Chapter 19

Juice and Wine Acidity

(book excerpts)

In wine tasting, the term acidity refers to the fresh, tart and sour attributes of the wine which are evaluated in relation to how well the acidity balances out the sweetness and bitter components of the wine such as tannins. The balance is challenging as too much acid may make a wine tart or sharp, while too little may make a wine flat or flabby. Acids can arise in the grapes themselves such as tartaric, malic, and citric acids and carry over into the wine. However, there are also some acids including acetic, butyric, lactic, and succinic acids that arise during the course of winemaking from either yeast and/or bacteria. Chemically these acids influence the wine's acidity which affects taste and pH which affects color, oxidation, and consequently the overall lifespan of a wine.

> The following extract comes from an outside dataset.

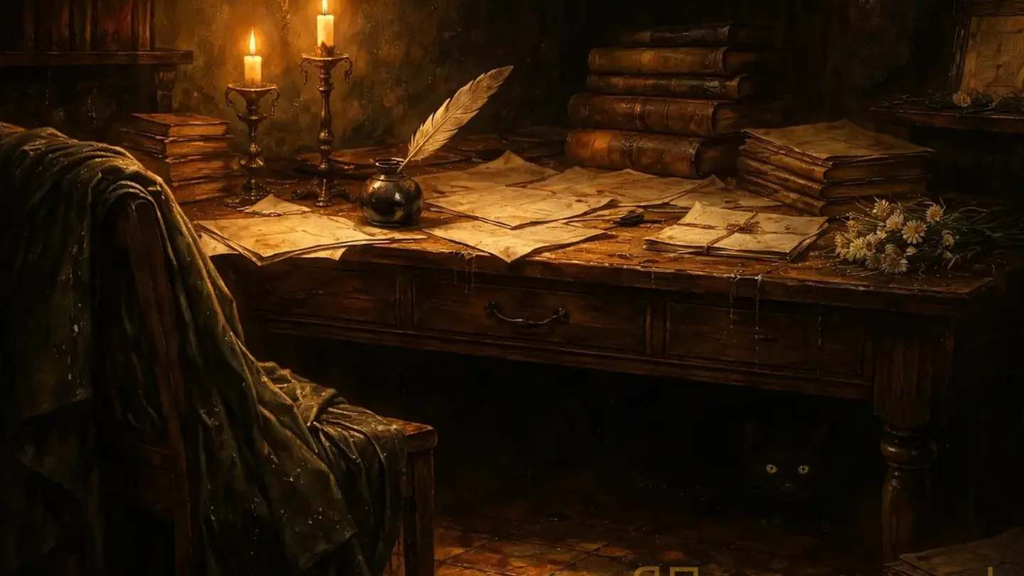 И я дал мальчишке пятак, и не жалел уже ни о поездке, ни о семи рублях, мною истраченных...","continuation_style":"faithful","keywords":["Станционный смотритель","Пушкин","Повести Белкина","продолжение классики","русская проза","покаяние"],"image_prompt":"Cinematic 16:9 landscape composition, 19th century oil painting style with warm candlelight illumination, dramatic chiaroscuro, deep shadows, volumetric dust, muted ochre dark brown and golden palette. In an old writer study: old wooden desk, scattered manuscripts with no readable text, antique books, ink bottle, quill pen, candle holders. A damp travel cloak lies over a chair, droplets on the floor, and a child wildflower bouquet rests beside a closed letter. Hide two cats in shadows: one under

Acidity in wine is customarily divided into two categories, volatile and titratable. Volatile acidity (VA) refers to acids that can be readily removed by steam distillation, whereas titratable acidity (TA) is a measurement of the total concentration of titratable acids and free hydrogen ions. Strength of acidity is measured according to pH, with most wines having a pH between 3.0 and 4.0. Adjusting the acidity is an important part of the winemaking process. The addition of acid to grape juice, must, or wine will decrease the pH and increase TA of the wine. The amount of acid needed to correct the acidity deficiency depends on the total acidity, the pH, and the buffer capacity of the juice, must or wine. Deacidification is the process of reducing titratable acidity in grape juice, must, or wine.